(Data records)
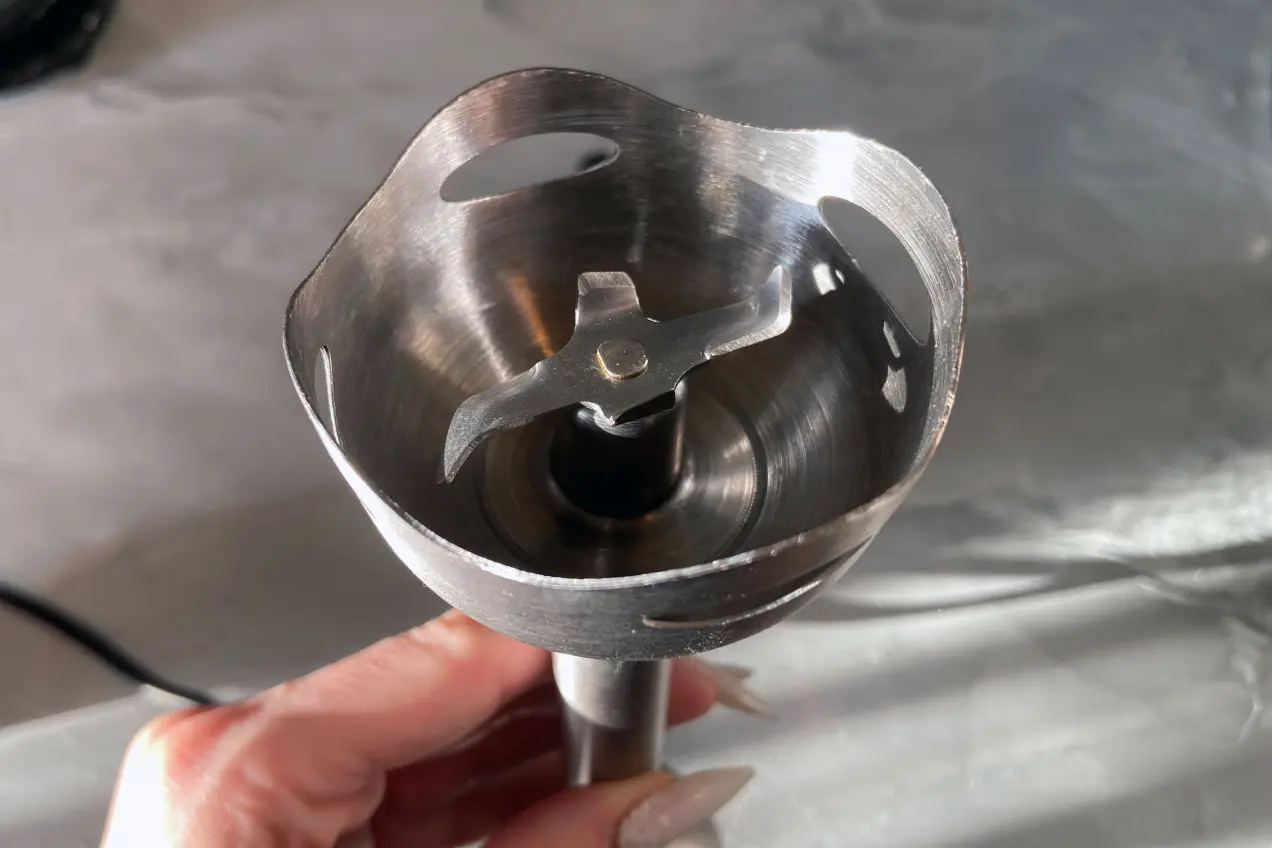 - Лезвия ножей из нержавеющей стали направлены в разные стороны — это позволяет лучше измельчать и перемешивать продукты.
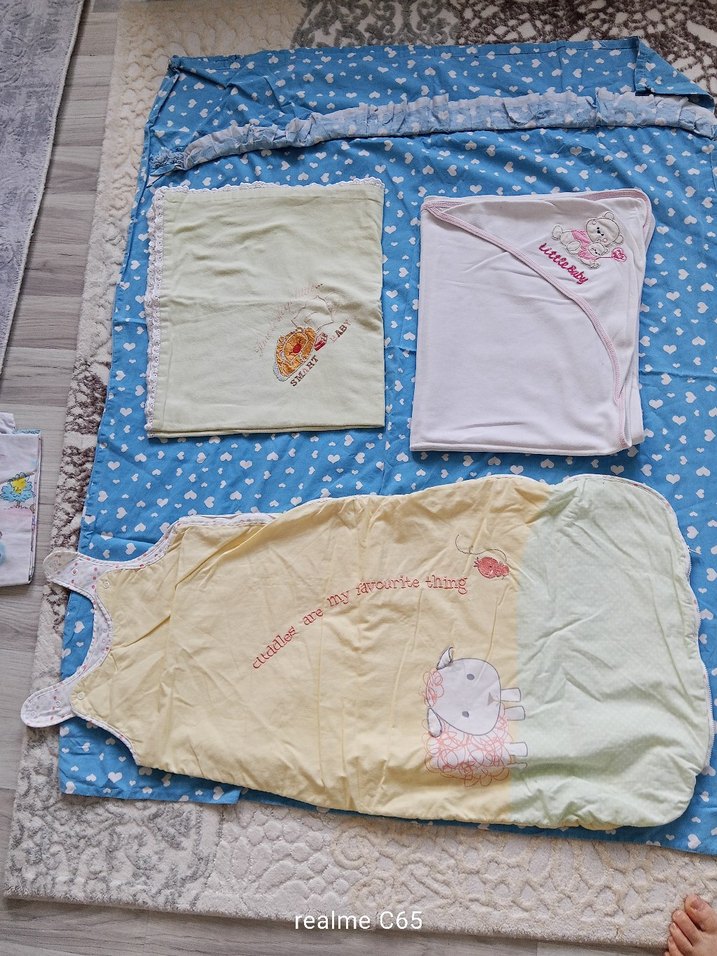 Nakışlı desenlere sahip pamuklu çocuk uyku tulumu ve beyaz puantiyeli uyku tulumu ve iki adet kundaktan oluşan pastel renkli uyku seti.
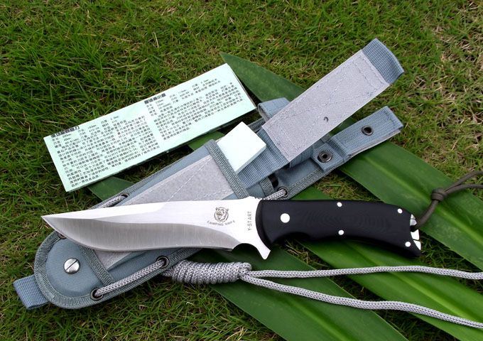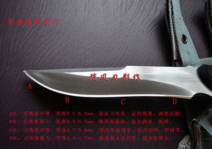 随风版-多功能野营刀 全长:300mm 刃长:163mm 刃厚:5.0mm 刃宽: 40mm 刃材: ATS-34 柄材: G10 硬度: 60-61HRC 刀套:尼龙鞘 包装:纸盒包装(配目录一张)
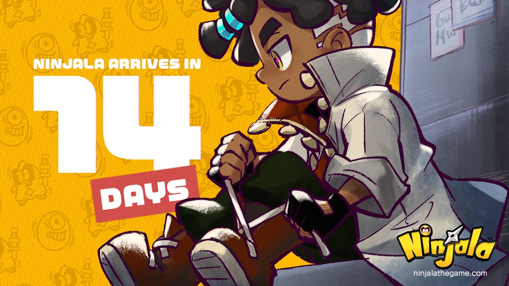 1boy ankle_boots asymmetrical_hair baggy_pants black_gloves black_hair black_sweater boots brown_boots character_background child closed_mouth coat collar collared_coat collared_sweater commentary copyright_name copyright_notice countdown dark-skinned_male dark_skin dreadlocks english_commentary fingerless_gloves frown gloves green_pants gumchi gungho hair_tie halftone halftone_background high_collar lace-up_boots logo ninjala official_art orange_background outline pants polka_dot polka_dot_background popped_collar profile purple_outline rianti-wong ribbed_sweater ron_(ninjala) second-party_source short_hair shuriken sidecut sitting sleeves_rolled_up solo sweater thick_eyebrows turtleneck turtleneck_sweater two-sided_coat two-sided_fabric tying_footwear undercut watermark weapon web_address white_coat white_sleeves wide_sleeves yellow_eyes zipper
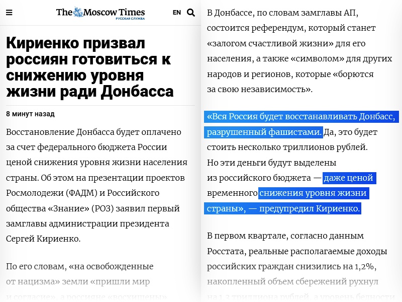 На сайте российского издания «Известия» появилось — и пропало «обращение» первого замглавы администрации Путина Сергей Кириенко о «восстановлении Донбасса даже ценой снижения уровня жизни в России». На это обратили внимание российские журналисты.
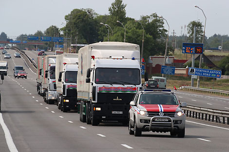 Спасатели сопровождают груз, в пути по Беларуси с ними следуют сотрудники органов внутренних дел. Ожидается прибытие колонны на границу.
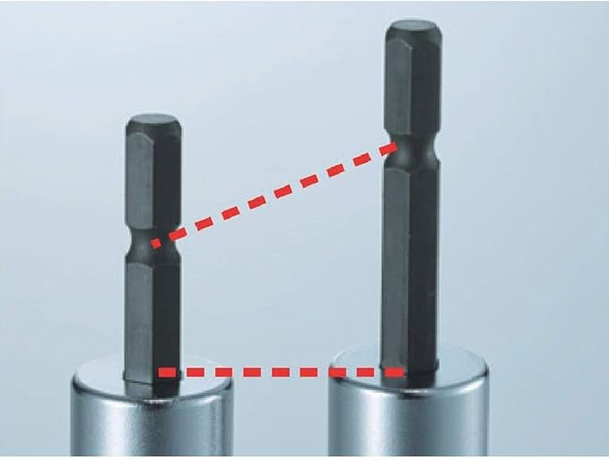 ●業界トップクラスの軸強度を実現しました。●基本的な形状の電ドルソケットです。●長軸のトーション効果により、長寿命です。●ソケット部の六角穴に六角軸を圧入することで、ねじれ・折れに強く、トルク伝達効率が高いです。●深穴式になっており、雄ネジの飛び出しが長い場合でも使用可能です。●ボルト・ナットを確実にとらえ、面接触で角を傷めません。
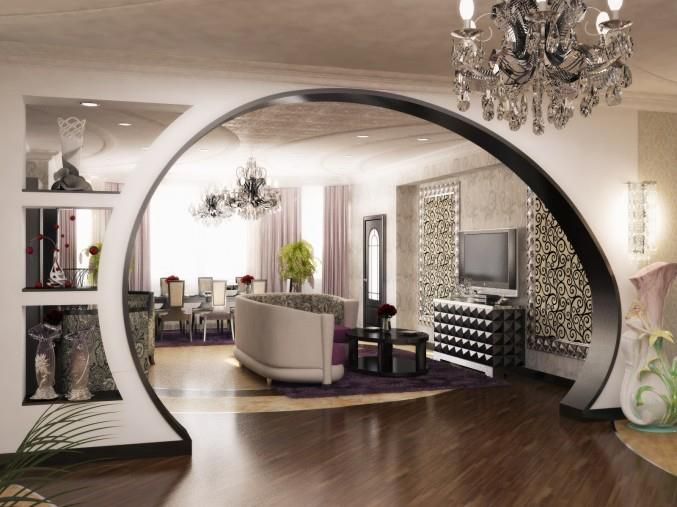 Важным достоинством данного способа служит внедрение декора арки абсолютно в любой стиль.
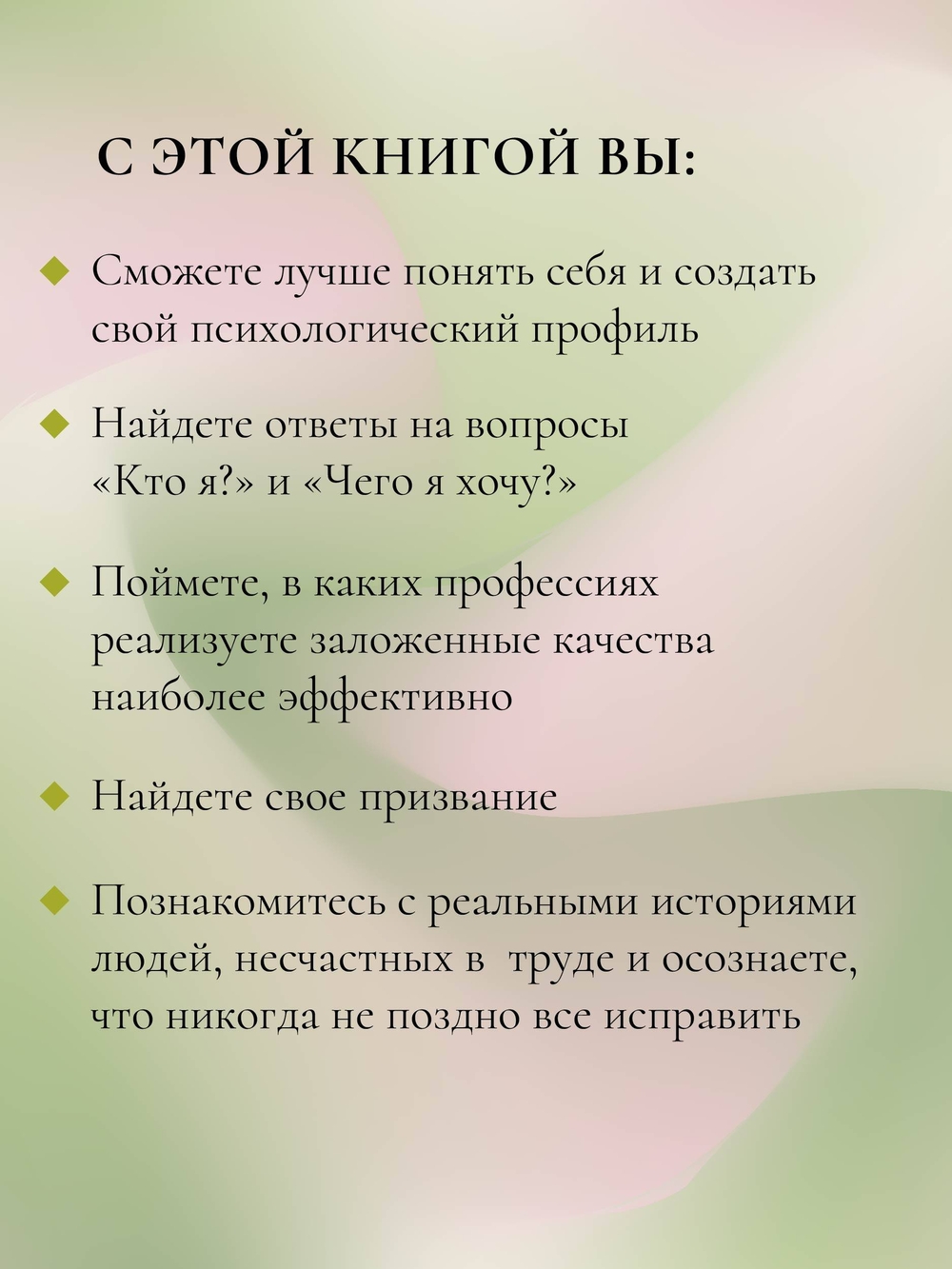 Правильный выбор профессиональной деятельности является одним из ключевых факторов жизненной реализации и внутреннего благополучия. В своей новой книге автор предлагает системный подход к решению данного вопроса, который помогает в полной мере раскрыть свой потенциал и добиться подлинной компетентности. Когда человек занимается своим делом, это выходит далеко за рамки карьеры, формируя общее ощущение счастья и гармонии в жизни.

• **Work to complete**: Set down word for word the lines above from the one with "На сайте российского" up to and including the one with "Важным достоинством данного". Omit every picture.

• **Answer space**:
 На сайте российского издания «Известия» появилось — и пропало «обращение» первого замглавы администрации Путина Сергей Кириенко о «восстановлении Донбасса даже ценой снижения уровня жизни в России». На это обратили внимание российские журналисты.
 Спасатели сопровождают груз, в пути по Беларуси с ними следуют сотрудники органов внутренних дел. Ожидается прибытие колонны на границу.
 ●業界トップクラスの軸強度を実現しました。●基本的な形状の電ドルソケットです。●長軸のトーション効果により、長寿命です。●ソケット部の六角穴に六角軸を圧入することで、ねじれ・折れに強く、トルク伝達効率が高いです。●深穴式になっており、雄ネジの飛び出しが長い場合でも使用可能です。●ボルト・ナットを確実にとらえ、面接触で角を傷めません。
 Важным достоинством данного способа служит внедрение декора арки абсолютно в любой стиль.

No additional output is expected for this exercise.